Właśnie o to mi chodziło by odtworzyć właściwy stosunek do rzeczywistości, przez odnowę Tradycyjności- czyli postawy człowiekowi naturalnej, mającej wyznaczniki takie jak kultura ludowa, jaK KULTURA WZGLĘDNIE IZOLOWANYCH SPOŁECZEŃSTW LOKALNYCH. BO to ich zasady, a raczej dążenia i cele (nieraz osiągane opacznie z powodu ludzkiej ułomności, ale jednak tam tymi celami pozostające) stały się rzeczywistością w Chrystusie i Jego Kościele. Jak napisał Benedykt XVI w książce "Jezus z Nazaretu":
"Mity czekały na tego, w którym przedmiot pragnień stał się rzeczywistością"
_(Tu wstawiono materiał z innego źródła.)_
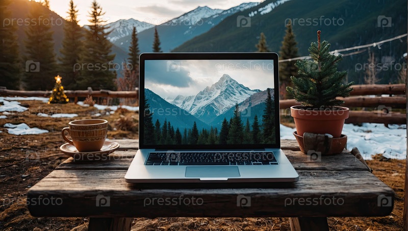 Ноутбук на деревянном столе, отражение восхода солнца в горах, синий кружок - вдохновляющее удаленное рабочее место, творческий фриланс, Wi-Fi жизнь, путешественник подарок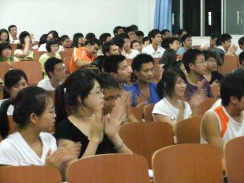 经验交流会上,马军老师以自己在大学的英语学习经验为例,深入浅出地向同学阐明英语四、六级考试的重要性。她指出:“在当今社会,英语已成为谋生的必备工具。一个人英语成绩的高低将一定程度上决定其今后事业发展的好坏”。随后,六位08级同学先后登台,结合自身经验,分别就四、六级考试中的作文、阅读、听力等板块以及答题技巧等方面做出详细且精彩的讲解。交流会上,同学们就四、六级考试和英语学习的问题向六位08级同学踊跃提问。现场气氛十分热烈。

Bo przecież kultura ludowa wyrażała się w obrzędowości opartej na strukturze mitu. I tą strukturę należało zachować, bo Chrsutus właśnie taką strukturę potwierdził i urzeczywistnił. Negowanie jej jako zabobonne, mające miejsce nawet w Kościele doprowadziło opacznie do kryzysu Kościoła, bo podsatwy jego dogmatów straciły im i rzeczywistości w ogóle właściwy kontekst. Owszem zdażało się często, że kultury tradycyjne popadały w formalizm, ale ten był raczej sprzeczny z zasadą kultury ludowej i powrócił z jeszcze większą siłą w tych kulturach nowoczesnych, które tak uporczywie powtarzały, że liczy się treść, to co w sercu, a nie forma, że forma jest zależna od kultury i nie można jej ograniczać, że poprzestały na formach które używały do wyrażenia owej treści- treści która ostatecznie zniknęła, sensu, który ostatecznie został obalony w tym, co bodajże Luckman, a później Włodzimierz Pawluczuk nazwał światopoglądem ułomnym, w którym nie ma nadrzędnego Sensu regulującego wszytkie sensy podrzędne, bo zeń wynikające. Jeśli bowiem mówi się, że liczy się tylko treść, sens, znaczenie, intencja form, że mogą być one dowolne jeśli tylko wyrażają słuszne treści, czy intencje, to paradoksalnie traci się owe treści. Bo sensy wyrażają się przez uporządkowania i struktury, a te mogą być rozpoznawane pamiętane i przypominane przez człowieka tylko jako uporządkowania form. Zresztą ową uporządkowanie potrzebujące nadrzednej zasady- Sensu, ma często swe źródło w Woli Logosu- Osoby, która jest jedna święta i Jedna Pierwotna, czyli która jest Stwórcą i Osobą. Gdyby nie istniało rozróżnienie na Stwórcę i Stworzenie, nie mogłaby isnieć spójność rzeczywistości, nie moglibyśmy mieć rozumu, który mamy, a który u swych podstaw koniecznych ma spójność- zgodę, niesprzeczność.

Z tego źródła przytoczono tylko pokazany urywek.